In our ESG and climate piece yesterday we discussed rising costs of climate-related actions, with a focus on some of the likely inflation in renewable power costs. The optimists are looking at the Exhibit below, and what were falling module costs through 2020, and concluding that solar installations can grow and that costs can still fall. While the module shipment growth in 2020 was impressive at 33%, some of the forecasts of what will be needed call for a much more dramatic rate of module growth than we saw in 2020.

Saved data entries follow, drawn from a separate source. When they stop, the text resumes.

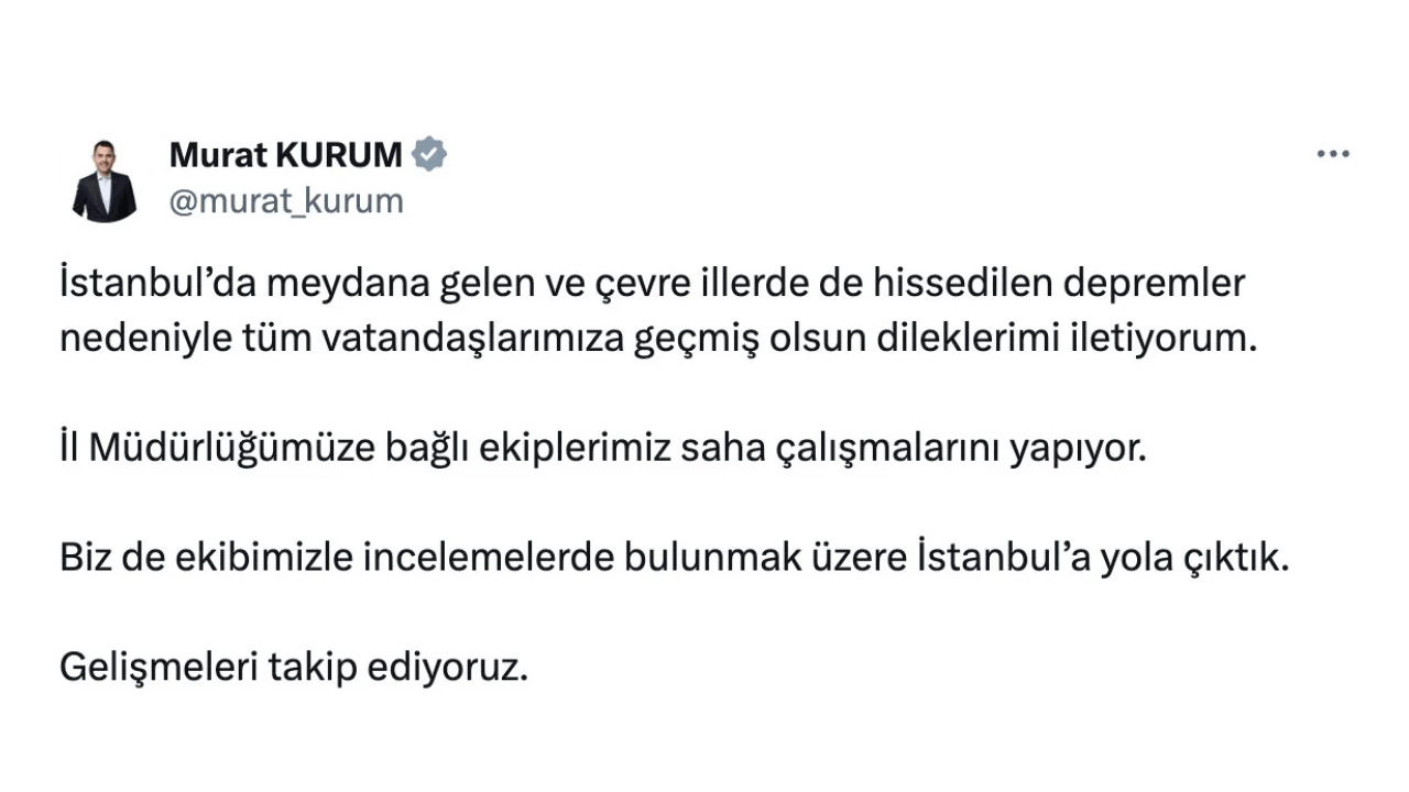 İnceleme yapmak üzere İstanbul'a doğru yola çıktığını söyleyen Bakan Kurum, "İstanbul’da meydana gelen ve çevre illerde de hissedilen depremler nedeniyle tüm vatandaşlarımıza geçmiş olsun dileklerimi iletiyorum.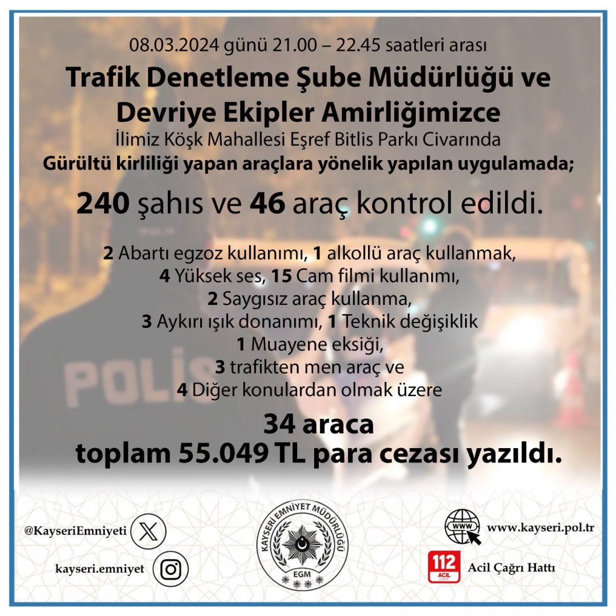 Kayseri İl Emniyet Müdürlüğü tarafından yapılan açıklamada ;''Kayseri İl Emniyet Müdürlüğü Trafik Denetleme Şube Müdürlüğü ve Devriye Ekipler Amirliği tarafından Melikgazi ilçesine bağlı Köşk Mahallesi Eşref Bitlis Parkı etrafında gürültü kirliliği yapan araçlara yönelik uygulamada 240 şahıs ve 46 araç kontrol edildi. 1 alkol,2 saygısız araç kullanma, 3 aykırı ışık donanımı, 1 teknik değişiklik, 2 abartı egzoz, 4 yüksek ses, 15 cam filmi, 1 muayene, 3 trafikten men araç ve 4'ü başka sebeplerden olmak üzere araçlara toplamda 55 bin 49 TL para cezası yazıldı.'' ifadeleri yer aldı.
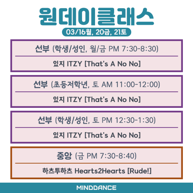 3월 셋째주 [월/금/토요일 댄스 원데이클래스] | 하투하 루드, 있지 댓츠노노 | 안산 중앙동, 선부동 마인드 댄스학원, 안산댄스학원, 시흥댄스학원

Source: EIA – Today In Energy, September 2021
As the Exhibit below shows, module raw material costs are rising in 2021 and this has resulted in a slight increase, so far, in module costs, bucking the ten-year trend. One of the points that we made in the ESG and Climate report was that if module makers need to expand capacity, they will need to be making adequate returns to justify the new capital. In 2021, it appears as if they are absorbing much of their raw material price increase as module prices have not kept pace with input costs. This is unsustainable if further module capacity investment is needed. The other issue to consider is the increased cost of freight to move modules that are mostly made in Asia to regions where the panels are being installed. While we do not expect the peak container rates of 2021 to be sustained, they may settle at a higher rate than we saw pre-Pandemic, and this will add to the delivered cost of modules also versus the history through 2020. We do not believe that module price history, before 2021, is a good proxy/guide for the future.